• **GOAL OF THE EXERCISE**:
Restate the entries below exactly. Images are not part of the copy.

• **INPUT RECORDS**:
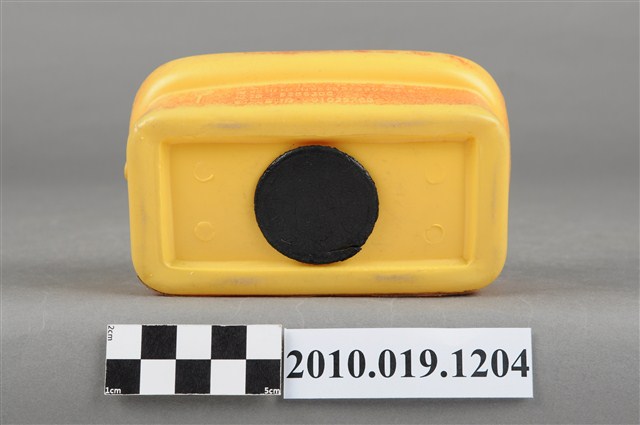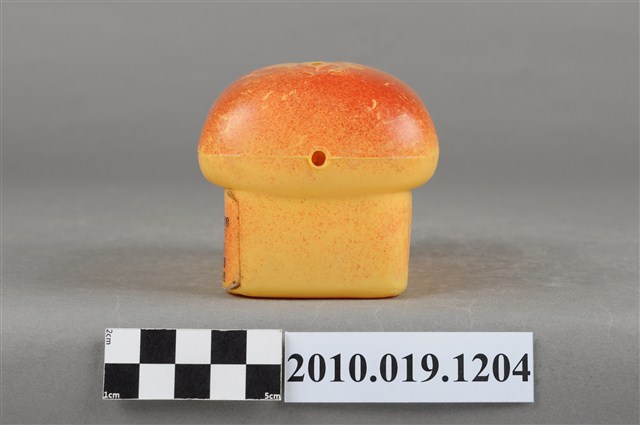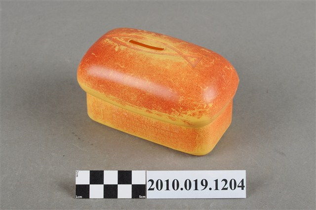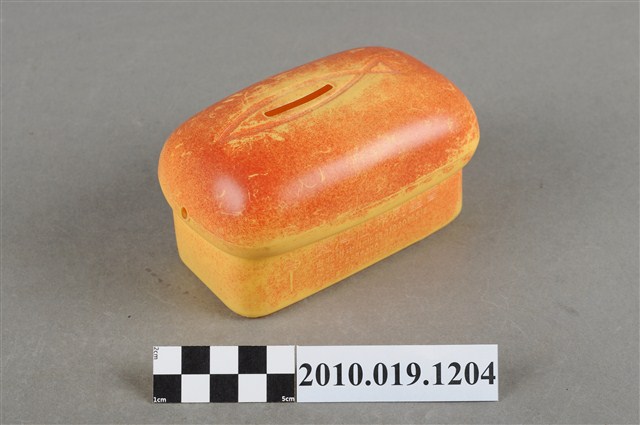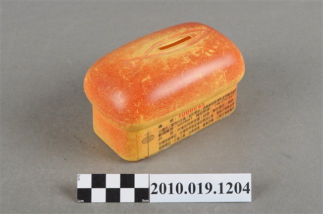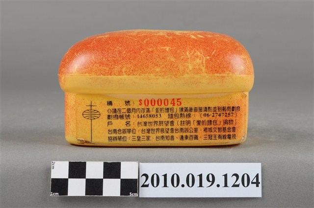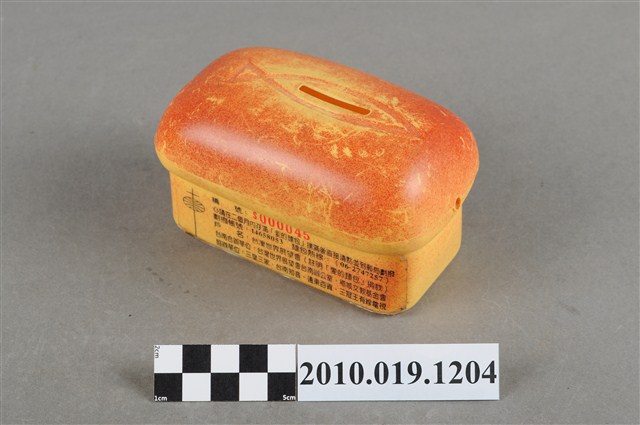 1.本物件為臺灣世界展望會「愛的麵包」存錢筒。存錢筒兩側分別有「臺灣世界展望會」的聯絡方式與劃撥帳號,以及「愛的麵包」捐款活動方式與贊助廠商等資訊。
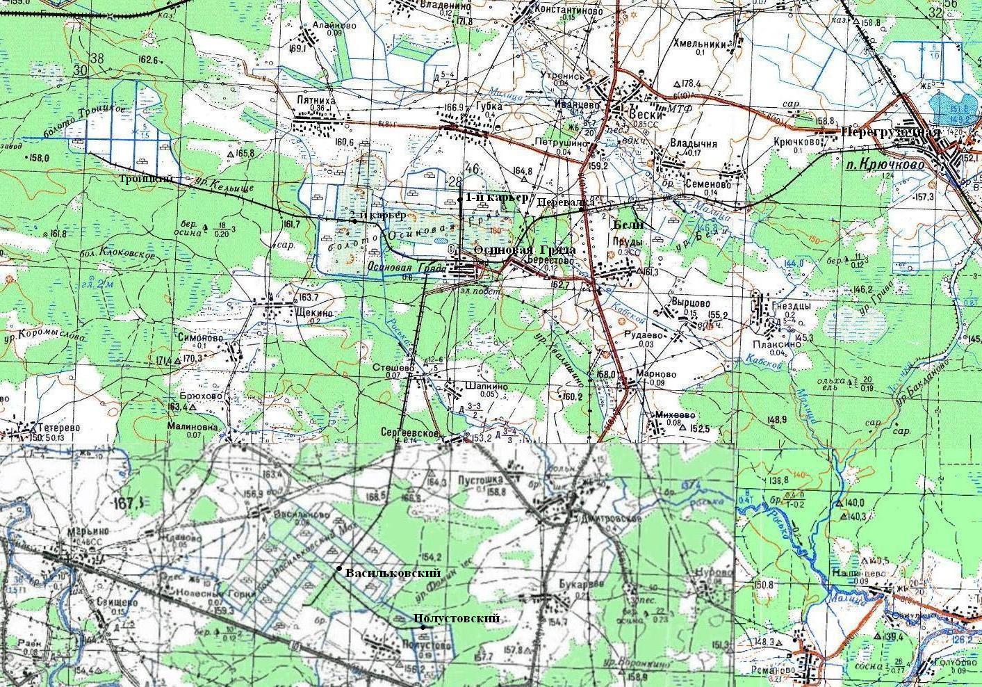 Узкоколейная железная дорога на топографической карте масштаба 1:100 000, изданной в 1988 году.
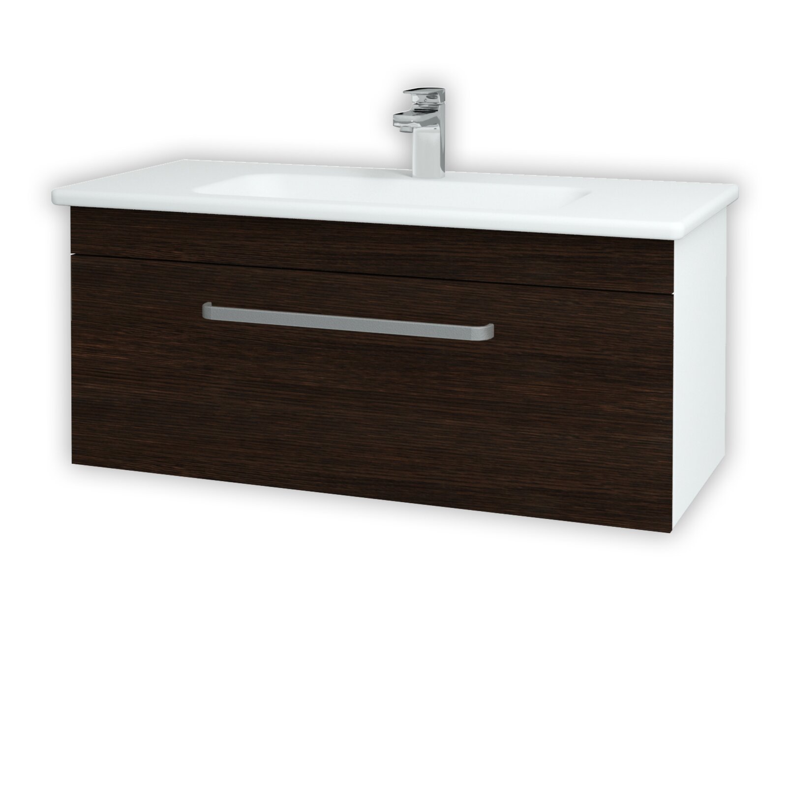 Koupelnová skříňka Aston SZZ 100 patří do exkluzivní koupelnové řady Aston. Moderní design skříňky Aston je dán hranatými tvary a designovým keramickým umyvadlem Euphoria 100. Zásuvka je uložena na kvalitních značkových výsuvech Hettich s celoživotní garancí kvality.
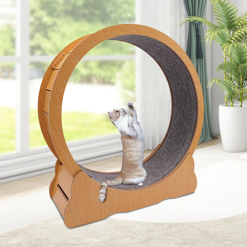 Package Included 1* Cat Exercise Wheel 1* Mat 1* Screwdriver 2* Gloves 1* English Manual Other Accessories Required for Assembly Modern Cat Wheel Round Cat Exercise Wheel for Indoor Cats With Floor Mount ❤Welcome❤ Description In this busy world, every cat deserves an exclusive exercise playground! This specially designed treadmill for cats is the guardian of your pet's vitality and health. With its noise-cancelling design, it won't disturb your family's quiet time even when running late at night. Its classic design blends easily into a variety of home environments and is both beautiful and practical. Choose it to give your furry child a chance to unleash his or her nature and peace of mind for yourself. Key Features Sturdy and Quality: The product consists of HDF boards and sisal mat, using varnish technology, with high strength, wear resistance , and long service life. Excellent Load-bearing Capacity: The high-quality solid wood, widened low center of gravity base, and strong fixing endow the product with a bearing capacity of 110.23 lbs around, enough for safe running for large or energetic cats. Cat Friendly: Adopting a full wrap-around design, the gap between the base and the rollers is less than 6㎜ to prevent the cat's claws from getting caught in. The cushion provides a good grip for the cat's paw. Low Noise: Adopting 8 TPE silent rollers with steel ball bearings and noise reduction holes on both sides, it greatly reduces the noise and enables cats to run freely without affecting the rest and sleep of the family, making it ideal for apartment living. Thoughtful Design: Roller track design allows cats to run easily at any time. Its large inner diameter of 3.28 ft and 12-inch wide runway allows cats to run as much as they want without hurting their spine. Beautiful Appearance: Featuring a green look, hidden patchwork design, and small fish-shaped accent, this product complements cats together and will blend in with most homes, adding texture and beauty to your room. Good Helper: Regular running can help indoor cats increase their exercise, maintain a healthy weight, and prevent obesity and related diseases such as heart disease and diabetes. It can also stimulate your cat's curiosity and hunting instincts, reducing boredom and destructive behaviors such as scratching furniture. Space-saving: It fully utilizes vertical space and covers a floor area of only 39.37*13.58 inches , which is ideal for a family with pets in a flat. Nice Gift: It is a stunning gift for cats, and a great gift for friends, family, or colleagues who have cats at home to enjoy a more convenient life of pet ownership. Details Fish-shaped Clasp: You can use it to lock the product when not in use so that you can freely control the time of running for cats to prevent them from having accidents due to being left unattended. Pre-drilled Holes: They are easy to install and save you installation time. Hook and Loop Fastener : It allows for easy mat installation and removal and is reusable. Application This product is suitable for 16.53-22.05 lbs of full-stage cats, small dogs and other running and exercise needs in flats, living rooms, pet shops, cat cafes, and more. It supports cat running, spinning, climbing & napping. Specifications Style: Modern Shape: Round Color: Original Wood Color Material: HDF, Sisal Surface Treatment: Varnishing Mount Type: Floor Mount Control Type: Manual Assembly Required: Yes Indoor/Outdoor Usage: Indoor Applicable Object: Cats Applicable Weight: 7.5-10kg/ 16.53-22.05 lbs Max. Load Capacity: About 50kg/ 110.23 lbs Outer Diameter: 1.1m/ 3.61 ft Inner Diameter: 1m/ 3.28 ft Runway Width: 30.5cm/ 12 in Gross Weight: 21kg/ 46.29 lbs Net Weight: 17kg/ 37.48 lbs Product Size: 100*34.5*116cm/ 39.37*13.58*45.67 in Package Size: 108*38*20cm/ 42.52*14.96*7.87 in Package Included 1* Cat Exercise Wheel 1* Mat 1* Screwdriver 2* Gloves 1* English Manual Other Accessories Required for Assembly Notes Please make sure our product size is suitable for your pet before buying. Please check the dimensions carefully before purchasing and make sure you have enough space for it. Please note that the installation process may take a little time and it is recommended that you work in pairs and follow the instructions. Cats have a high level of vigilance toward new things. You can use their favorite toys or treats to lure them a little, and they will quickly become familiar with and like this product. Please note that the mat can be cleaned on the surface with a brush, not in water or machine wash. Please trim your cat's nails before using the cat running wheel. Please do not expose the product to the sun or soak it in water for a long time. Please allow the slight color difference caused by the shooting light and 1-3cm error due to manual measurement, and make sure you do not mind before you order. Welcome to autocomponents999 to purchase products, please feel free to contact us for any questions.👍 Payment Delivery details Terms of sales About us Contact us Payment We accept ebay payment 。 Fees such as import duties, taxes are not included in the item price or shipping costs. These charges are the buyer's responsibility. Delivery details Shipping: 2-9 working days to: USA Terms of sales We maintain high standards of excellence and strive for hundred percent customer satisfaction. Feedback is very important to us. We hope that you contact us immediately before you give neutral or negative feedback, so that we can address your concerns. It is impossible to address issues if we do not know about them! About us Your satis faction is our ultimate goal. We work hard to earn your trust and future business. Our certified technicians have tested each item before shipping. The unit comes with 1 year limited warranty on all manufacturing defects. a) If you receive a defective item, you may return it or ask for a discount. Please contact us within 14 days after you receive the package. b) What you returned must be intac
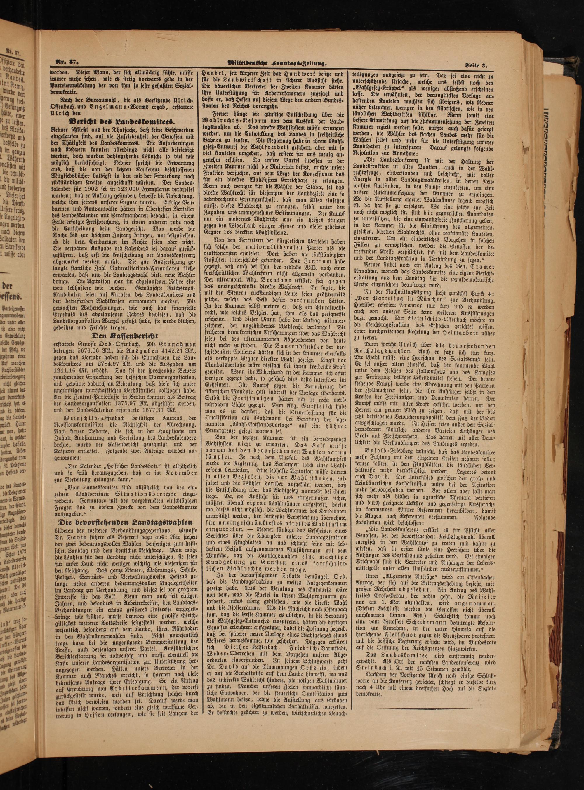 Redner schließt aus der Thatsache, daß keine Beschwerden eingelaufen find, auf die Zufriedenheit der Genossen mit der Thätigkeit des Landeskomitees. Die Anforderungen nach Rednern konnten allerdings nicht alle befriedigt werden, doch wurden dahingehende Wünsche so viel wie möglich berücksichtigt. Redner spricht die Erwartung aus, daß die von der letzten Konferenz beschlossenen Mitgliedsbücher baldigst in den mit der Erwerbung noch rückständigen Kreisen angeschafft würden. Der Landes⸗ kalender für 1902 sei in 123,000 Exemplaren verbreitet worden; daß er Anklang gefunden, beweise die Anfechtung, welche ihm seitens unserer Gegner wurde. Eifrige Gen⸗ darmen und Amtsanwälte hätten in Oberhessen Verteiler des Landeskalender mit Strafmandaten bedacht, in einem Falle erfolgte Freisprechung, in einem anderen ruhe noch die Entscheidung beim Landgericht. Man werde die Sache bis zur höchsten Instanz bringen, um festzustellen, ob die betr. Gendarmen im Rechte seien oder nicht. Die verspätete Ausgabe des Kalenders sei darauf zurück⸗ zuführen, daß erst die Entscheidung der Landeskonferenz abgewartet werden mußte. Die zur Ausfertigung ge⸗ langte stattliche Zahl Naturalisations⸗Formularen ließe erwarten, daß uns die Landtagswahl viele neue Wähler bringe. Die Agitation war im abgelaufenen Jahre eine weit lebhaftere wie vorher. Gewünschte Reichstags⸗ Kandidaten seien auf Anraten des Landeskomitees aus den betreffenden Wahlkreisen entnommen worden. Die gemachten Wahrnehmungen, wie auch das finanzielle Ergebnis des abgelaufenen Jahres bewiesen, daß die Landesorganisation Wurzel gefaßt habe, sie werde blühen, gedeihen und Früchte tragen.
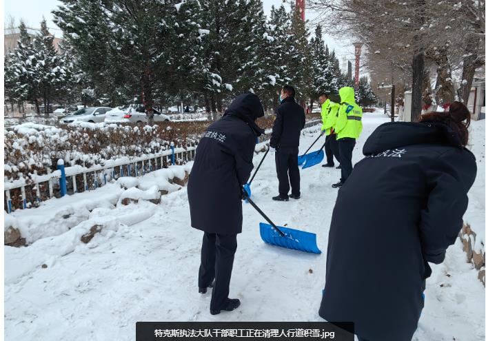 近期,特克斯县气温骤降,普降大雪,给城市居民群众正常出行带来诸多不便。为保障群众出行安全,特克斯执法大队以“雪”为令、闻“雪”而动,立即开展清雪活动,党员干部齐上阵清除单位大门外两侧人行道积雪,用实际行动为民服务、情暖民心。
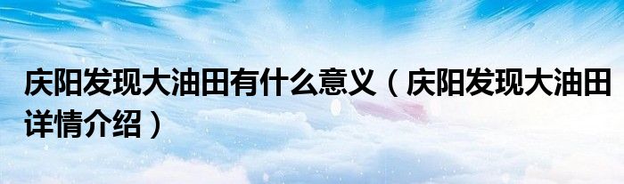 大家好,綜合小編來為大家講解下。慶陽發現大油田有什么意義,慶陽發現大油田詳情介紹很多人還不知道,現在讓我們一起來看看吧!
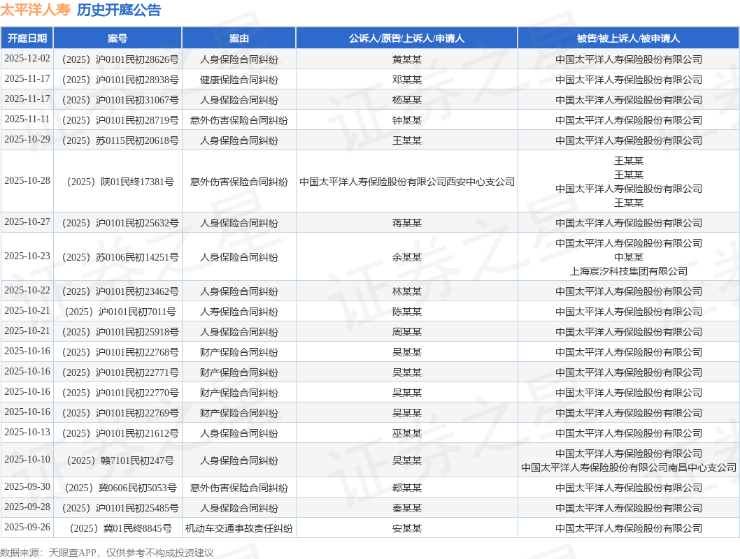 案号:(2025)沪0101民初28626号根据统计,近一年内以中国太平洋人寿保险股份有限公司为当事人的历史开庭公告有139则,其中案由为“人身保险合同纠纷”的公告以88则居首,其次为“意外伤害保险合同纠纷”有14则,“保险纠纷”有13则。历史开庭公告(前20条)如下:

• **YOUR SOLUTION**:
 1.本物件為臺灣世界展望會「愛的麵包」存錢筒。存錢筒兩側分別有「臺灣世界展望會」的聯絡方式與劃撥帳號,以及「愛的麵包」捐款活動方式與贊助廠商等資訊。
 Узкоколейная железная дорога на топографической карте масштаба 1:100 000, изданной в 1988 году.
 Koupelnová skříňka Aston SZZ 100 patří do exkluzivní koupelnové řady Aston. Moderní design skříňky Aston je dán hranatými tvary a designovým keramickým umyvadlem Euphoria 100. Zásuvka je uložena na kvalitních značkových výsuvech Hettich s celoživotní garancí kvality.
 Package Included 1* Cat Exercise Wheel 1* Mat 1* Screwdriver 2* Gloves 1* English Manual Other Accessories Required for Assembly Modern Cat Wheel Round Cat Exercise Wheel for Indoor Cats With Floor Mount ❤Welcome❤ Description In this busy world, every cat deserves an exclusive exercise playground! This specially designed treadmill for cats is the guardian of your pet's vitality and health. With its noise-cancelling design, it won't disturb your family's quiet time even when running late at night. Its classic design blends easily into a variety of home environments and is both beautiful and practical. Choose it to give your furry child a chance to unleash his or her nature and peace of mind for yourself. Key Features Sturdy and Quality: The product consists of HDF boards and sisal mat, using varnish technology, with high strength, wear resistance , and long service life. Excellent Load-bearing Capacity: The high-quality solid wood, widened low center of gravity base, and strong fixing endow the product with a bearing capacity of 110.23 lbs around, enough for safe running for large or energetic cats. Cat Friendly: Adopting a full wrap-around design, the gap between the base and the rollers is less than 6㎜ to prevent the cat's claws from getting caught in. The cushion provides a good grip for the cat's paw. Low Noise: Adopting 8 TPE silent rollers with steel ball bearings and noise reduction holes on both sides, it greatly reduces the noise and enables cats to run freely without affecting the rest and sleep of the family, making it ideal for apartment living. Thoughtful Design: Roller track design allows cats to run easily at any time. Its large inner diameter of 3.28 ft and 12-inch wide runway allows cats to run as much as they want without hurting their spine. Beautiful Appearance: Featuring a green look, hidden patchwork design, and small fish-shaped accent, this product complements cats together and will blend in with most homes, adding texture and beauty to your room. Good Helper: Regular running can help indoor cats increase their exercise, maintain a healthy weight, and prevent obesity and related diseases such as heart disease and diabetes. It can also stimulate your cat's curiosity and hunting instincts, reducing boredom and destructive behaviors such as scratching furniture. Space-saving: It fully utilizes vertical space and covers a floor area of only 39.37*13.58 inches , which is ideal for a family with pets in a flat. Nice Gift: It is a stunning gift for cats, and a great gift for friends, family, or colleagues who have cats at home to enjoy a more convenient life of pet ownership. Details Fish-shaped Clasp: You can use it to lock the product when not in use so that you can freely control the time of running for cats to prevent them from having accidents due to being left unattended. Pre-drilled Holes: They are easy to install and save you installation time. Hook and Loop Fastener : It allows for easy mat installation and removal and is reusable. Application This product is suitable for 16.53-22.05 lbs of full-stage cats, small dogs and other running and exercise needs in flats, living rooms, pet shops, cat cafes, and more. It supports cat running, spinning, climbing & napping. Specifications Style: Modern Shape: Round Color: Original Wood Color Material: HDF, Sisal Surface Treatment: Varnishing Mount Type: Floor Mount Control Type: Manual Assembly Required: Yes Indoor/Outdoor Usage: Indoor Applicable Object: Cats Applicable Weight: 7.5-10kg/ 16.53-22.05 lbs Max. Load Capacity: About 50kg/ 110.23 lbs Outer Diameter: 1.1m/ 3.61 ft Inner Diameter: 1m/ 3.28 ft Runway Width: 30.5cm/ 12 in Gross Weight: 21kg/ 46.29 lbs Net Weight: 17kg/ 37.48 lbs Product Size: 100*34.5*116cm/ 39.37*13.58*45.67 in Package Size: 108*38*20cm/ 42.52*14.96*7.87 in Package Included 1* Cat Exercise Wheel 1* Mat 1* Screwdriver 2* Gloves 1* English Manual Other Accessories Required for Assembly Notes Please make sure our product size is suitable for your pet before buying. Please check the dimensions carefully before purchasing and make sure you have enough space for it. Please note that the installation process may take a little time and it is recommended that you work in pairs and follow the instructions. Cats have a high level of vigilance toward new things. You can use their favorite toys or treats to lure them a little, and they will quickly become familiar with and like this product. Please note that the mat can be cleaned on the surface with a brush, not in water or machine wash. Please trim your cat's nails before using the cat running wheel. Please do not expose the product to the sun or soak it in water for a long time. Please allow the slight color difference caused by the shooting light and 1-3cm error due to manual measurement, and make sure you do not mind before you order. Welcome to autocomponents999 to purchase products, please feel free to contact us for any questions.👍 Payment Delivery details Terms of sales About us Contact us Payment We accept ebay payment 。 Fees such as import duties, taxes are not included in the item price or shipping costs. These charges are the buyer's responsibility. Delivery details Shipping: 2-9 working days to: USA Terms of sales We maintain high standards of excellence and strive for hundred percent customer satisfaction. Feedback is very important to us. We hope that you contact us immediately before you give neutral or negative feedback, so that we can address your concerns. It is impossible to address issues if we do not know about them! About us Your satis faction is our ultimate goal. We work hard to earn your trust and future business. Our certified technicians have tested each item before shipping. The unit comes with 1 year limited warranty on all manufacturing defects. a) If you receive a defective item, you may return it or ask for a discount. Please contact us within 14 days after you receive the package. b) What you returned must be intac
 Redner schließt aus der Thatsache, daß keine Beschwerden eingelaufen find, auf die Zufriedenheit der Genossen mit der Thätigkeit des Landeskomitees. Die Anforderungen nach Rednern konnten allerdings nicht alle befriedigt werden, doch wurden dahingehende Wünsche so viel wie möglich berücksichtigt. Redner spricht die Erwartung aus, daß die von der letzten Konferenz beschlossenen Mitgliedsbücher baldigst in den mit der Erwerbung noch rückständigen Kreisen angeschafft würden. Der Landes⸗ kalender für 1902 sei in 123,000 Exemplaren verbreitet worden; daß er Anklang gefunden, beweise die Anfechtung, welche ihm seitens unserer Gegner wurde. Eifrige Gen⸗ darmen und Amtsanwälte hätten in Oberhessen Verteiler des Landeskalender mit Strafmandaten bedacht, in einem Falle erfolgte Freisprechung, in einem anderen ruhe noch die Entscheidung beim Landgericht. Man werde die Sache bis zur höchsten Instanz bringen, um festzustellen, ob die betr. Gendarmen im Rechte seien oder nicht. Die verspätete Ausgabe des Kalenders sei darauf zurück⸗ zuführen, daß erst die Entscheidung der Landeskonferenz abgewartet werden mußte. Die zur Ausfertigung ge⸗ langte stattliche Zahl Naturalisations⸗Formularen ließe erwarten, daß uns die Landtagswahl viele neue Wähler bringe. Die Agitation war im abgelaufenen Jahre eine weit lebhaftere wie vorher. Gewünschte Reichstags⸗ Kandidaten seien auf Anraten des Landeskomitees aus den betreffenden Wahlkreisen entnommen worden. Die gemachten Wahrnehmungen, wie auch das finanzielle Ergebnis des abgelaufenen Jahres bewiesen, daß die Landesorganisation Wurzel gefaßt habe, sie werde blühen, gedeihen und Früchte tragen.
 近期,特克斯县气温骤降,普降大雪,给城市居民群众正常出行带来诸多不便。为保障群众出行安全,特克斯执法大队以“雪”为令、闻“雪”而动,立即开展清雪活动,党员干部齐上阵清除单位大门外两侧人行道积雪,用实际行动为民服务、情暖民心。
 大家好,綜合小編來為大家講解下。慶陽發現大油田有什么意義,慶陽發現大油田詳情介紹很多人還不知道,現在讓我們一起來看看吧!
 案号:(2025)沪0101民初28626号根据统计,近一年内以中国太平洋人寿保险股份有限公司为当事人的历史开庭公告有139则,其中案由为“人身保险合同纠纷”的公告以88则居首,其次为“意外伤害保险合同纠纷”有14则,“保险纠纷”有13则。历史开庭公告(前20条)如下:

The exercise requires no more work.